▸ **Task statement**
Would you please repeat all of the data exactly, omitting the pictures?

▸ **Available data**
..........
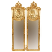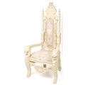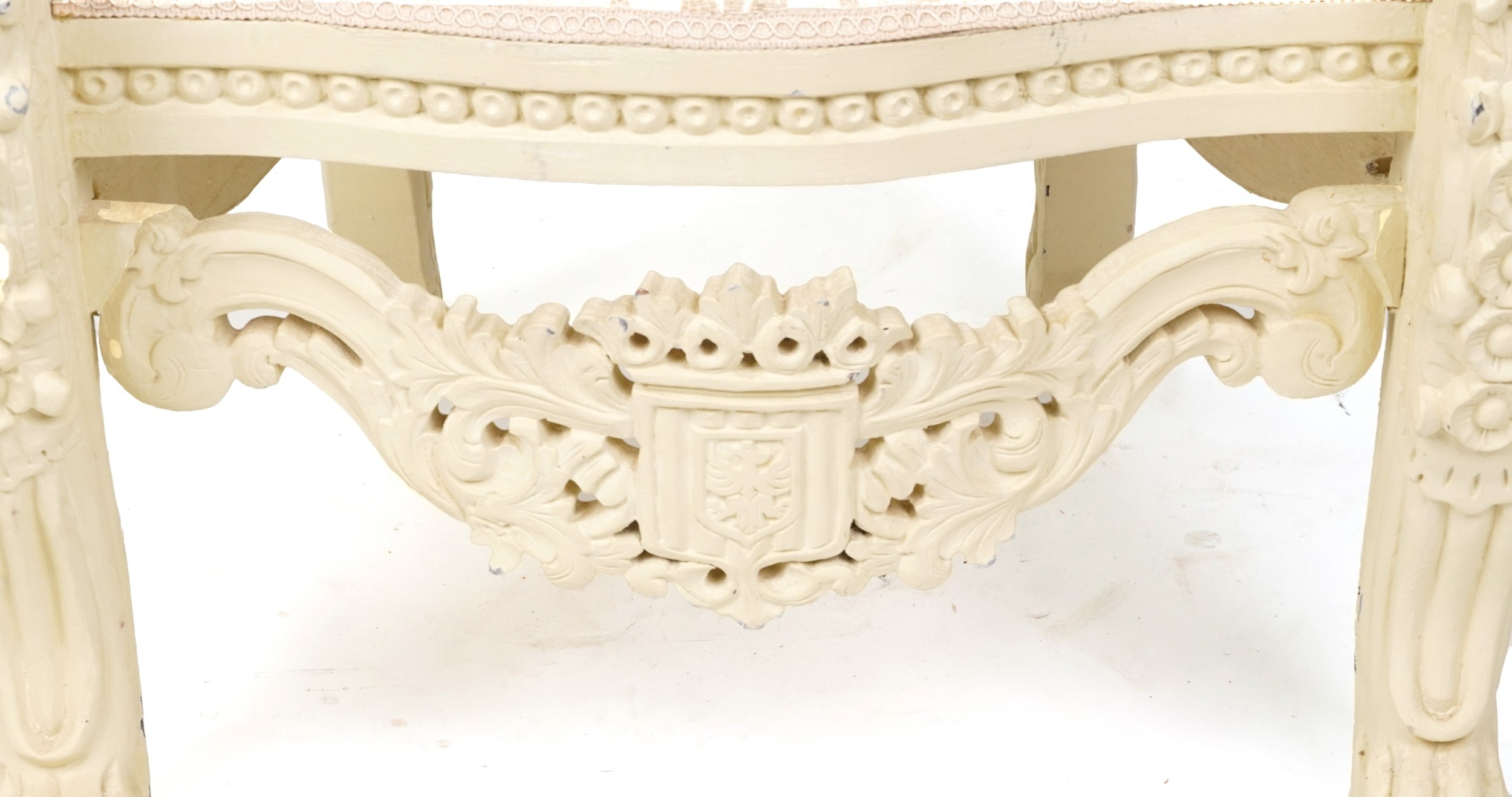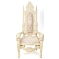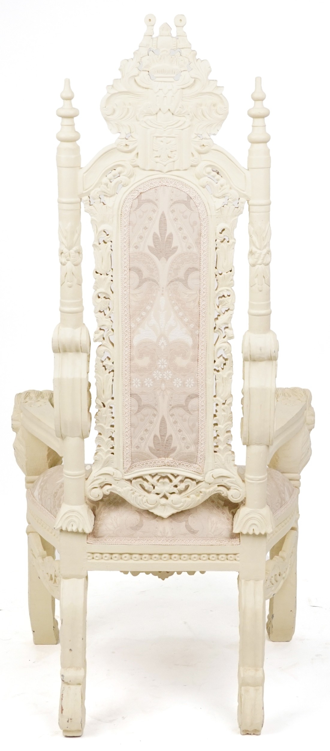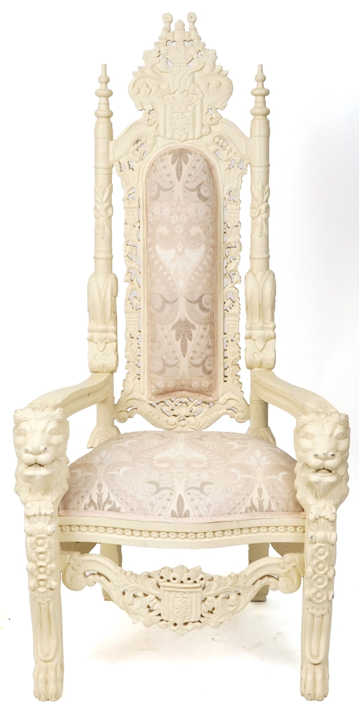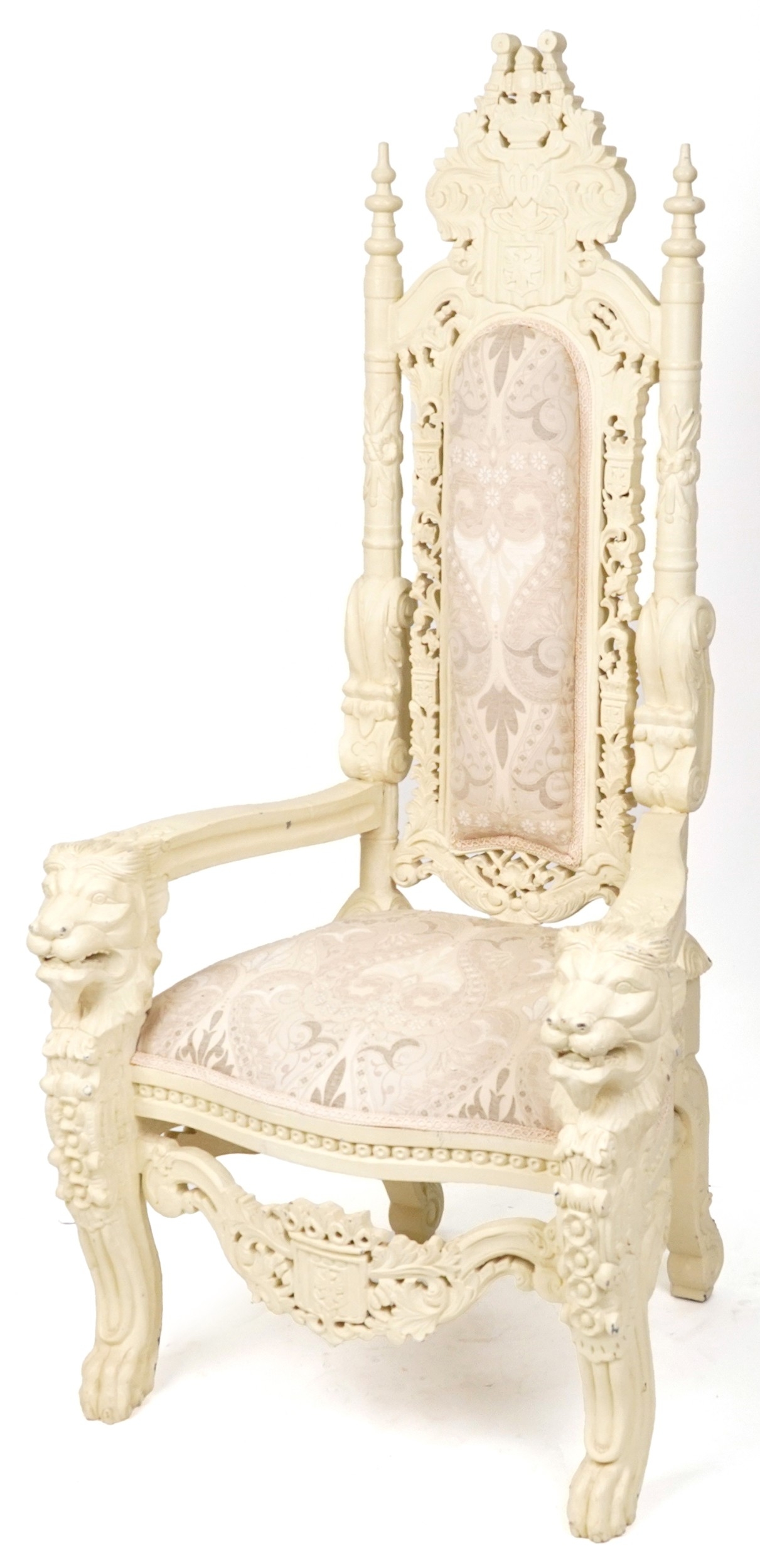 A 20th century white painted throne chair with carved decoration, the upholstered seat and back supported by lion mask arm supports, 154cm H x 75cm W x 61cm D.
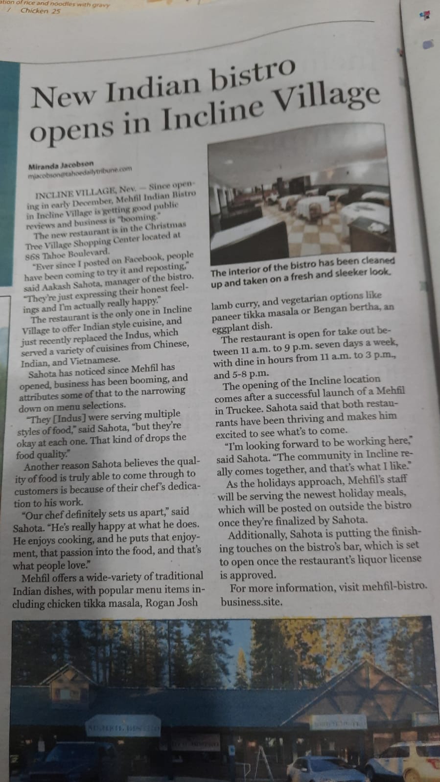 Our family drove through Incline village and found this place. We had decided to stop here and the food was delicious. The naan was crispy and had a nice texture to it. The chicken and gravy in the butter chicken was very tasty.The staff were also very nice and treated us well. Also our kids enjoyed the food. I would definitely recommend this place to anyone passing by as you won't regret it.
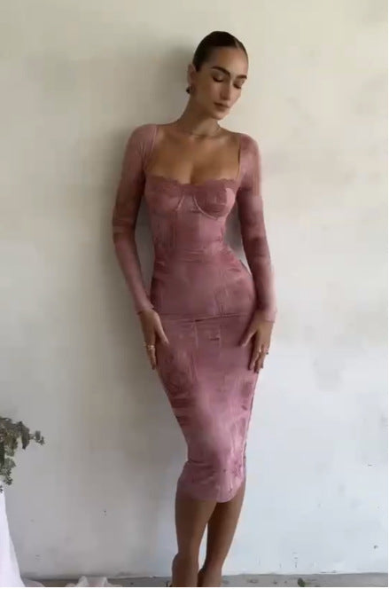 Kvinnors Bodycon Klänning V-ringad Spets Högkvalitativt Tyg
..........
▸ **Problem solution**
 A 20th century white painted throne chair with carved decoration, the upholstered seat and back supported by lion mask arm supports, 154cm H x 75cm W x 61cm D.
 Our family drove through Incline village and found this place. We had decided to stop here and the food was delicious. The naan was crispy and had a nice texture to it. The chicken and gravy in the butter chicken was very tasty.The staff were also very nice and treated us well. Also our kids enjoyed the food. I would definitely recommend this place to anyone passing by as you won't regret it.
 Kvinnors Bodycon Klänning V-ringad Spets Högkvalitativt Tyg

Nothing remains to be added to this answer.